These study findings point to more affordable cancer medicine prices in countries with national pricing policies to enhance patient access as a result of policy action to ensure coverage.

Policymakers should consider the study results when they opt for external price referencing as a policy and define the reference countries for benchmarking.

1 Introduction

Cancer is a leading cause of mortality worldwide [1]. In middle-income (MICs) and high-income (HICs) countries cancer contributes to a considerable burden of disease [2,3,4]. Worldwide, MICs account for 68% of all deaths due to cancer, while HICs account for 29% [5]. This impacts the health systems in these countries as they aim to guarantee sustainable access to cancer care with comprehensive pharmaceutical treatment as a key component [1, 6,7,8,9,10].

For many types of cancers, pharmaceutical treatment accounts for a considerable share of healthcare expenditure [11,12,13]. Medicines exist for the treatment of most oncology diseases, and additional new medicines are expected to enter the market. Some medicines have provided better health outcomes, with fewer side effects [14], while the health benefits of other cancer medicines were assessed to be rather marginal [15,16,17].

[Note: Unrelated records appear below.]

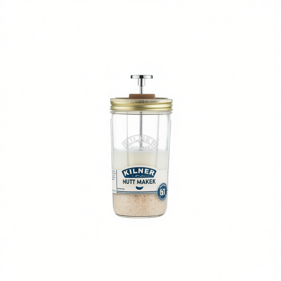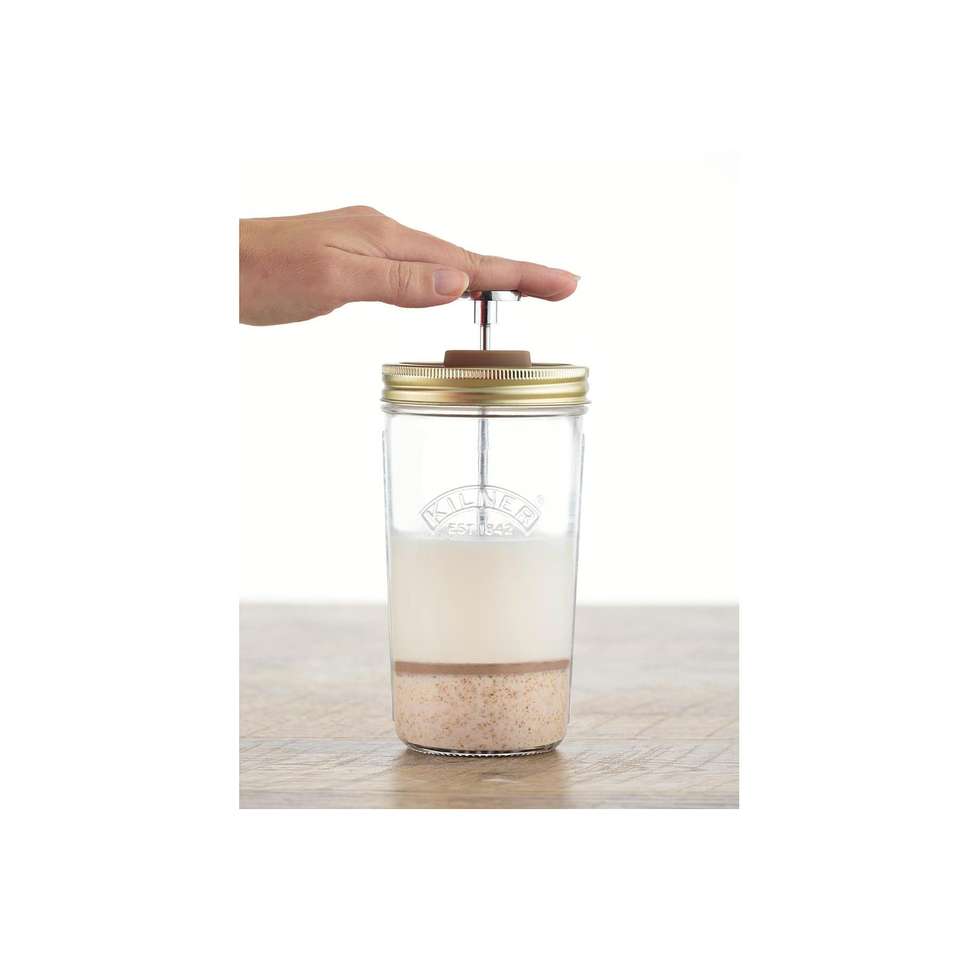 Jarra para hacer leche de frutos secos Kilner con filtro, pistón y tapa para la elaboración casera de leche de frutos secos
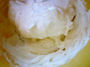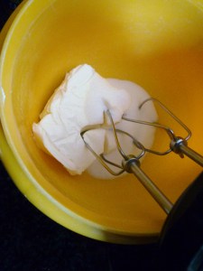Whip the softened cream cheese and sugar until well blended … then fold in 1 cup of the whipped cream … put the remaining whipped cream back in the fridge and save for garnish …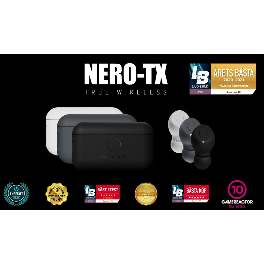 NERO-TX jsou jedny z nejmenších zcela bezdrátových sluchátek na trhu. Navzdory extrémně kompaktnímu formátu má model vynikající zvukovou kvalitu díky pokročilé digitální technologii a vysoce účinným bateriím.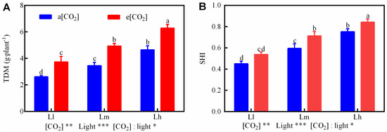 To evaluate the combined effects of e[CO2] and enhanced light intensity on seedling quality, TDM and SHI were measured (Figure 6). Both parameters were significantly influenced by [CO2], light intensity, and their interactions (p < 0.05–0.001), following parallel response trends. Specifically, e[CO2] increased TDM and SHI by 40.36% (Figure 6A) and 5.95% (Figure 6B) versus ambient [CO2]. Moderate and high light intensities further boosted TDM by 32.20% and 73.29%, and SHI by 31.66% and 64.96%, respectively, relative to low light. The e[CO2]-Lh treatment achieved the highest TDM (6.28 g·plant−1) and SHI (0.79), surpassing all other combinations. These results highlight synergistic benefits of e[CO2] and high light intensity in promoting biomass accumulation and seedling vigor, with e[CO2]-Lh representing an optimal strategy for controlled-environment tomato seedling production.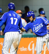 선제득점 채태인,'매직넘버 줄이자'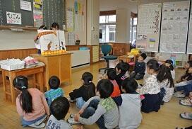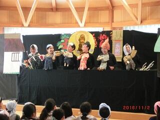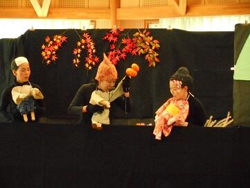 ひまわりクラブさんによる「わらしべ長者」の表情劇には、音楽室に入りきらないほどの児童が見に来て、楽しく鑑賞する様子が見られました。

Cancer medicines are usually expensive for both governments and patients [14, 18, 19]. Policymakers in MICs and HICs have been applying a mix of pricing and reimbursement policies, including external price referencing (EPR), health technology assessments (HTAs), price negotiations, and managed entry agreements (MEAs), to maintain the financial sustainability of the system while using various policy tools to promote and encourage access to high-priced medicines, including cancer medicines [20,21,22,23,24,25,26,27,28,29,30,31].

Evidence suggests that there is not necessarily an association between the income of a country and its medicine price level as lower income countries can pay higher procurement prices than countries of higher income [32,33,34,35,36]. Medicine price studies tend to focus on HICs [32, 34, 37,38,39,40,41]. Although some price studies were conducted in MICs [42,43,44,45,46], medicine prices of MICs are much less in the focus of research. In particular, little is known about the differences in prices of cancer medicines between MICs and HICs. Therefore, this study surveys the prices of originator cancer medicines in some MICs and HICs to identify possible cross-country differences in prices and affordability.

2 Materials and Methods

2.1 Selection of Countries

The study included 16 countries in Latin America (LATAM) and Europe: five upper MICs (UMICs) and 11 HICs, according to the World Bank classification in 2017 [47]. Within the two regions, we aimed to select countries of different gross national income (GNI) per capita. All European countries included in the study were HICs (except for Romania), but we classified these countries into two groups related to income: a group consisting of Austria, France, Germany, the Netherlands, Sweden, and the UK whose GNI per capita ranked among the highest world-wide—hereafter referred to as upper HICs (UHICs); and a group consisting of Greece, Hungary, Poland, Romania (a UMIC), and Spain with comparably lower income—hereafter referred to as lower HICs (LHICs). The five selected LATAM countries represent a mix of UMICs (with Chile as a HIC) that differ in economic data and welfare distribution (Table 1). The selection of the LATAM countries was also guided by the practical rationale of whether, or not, a country had access to medicine price data.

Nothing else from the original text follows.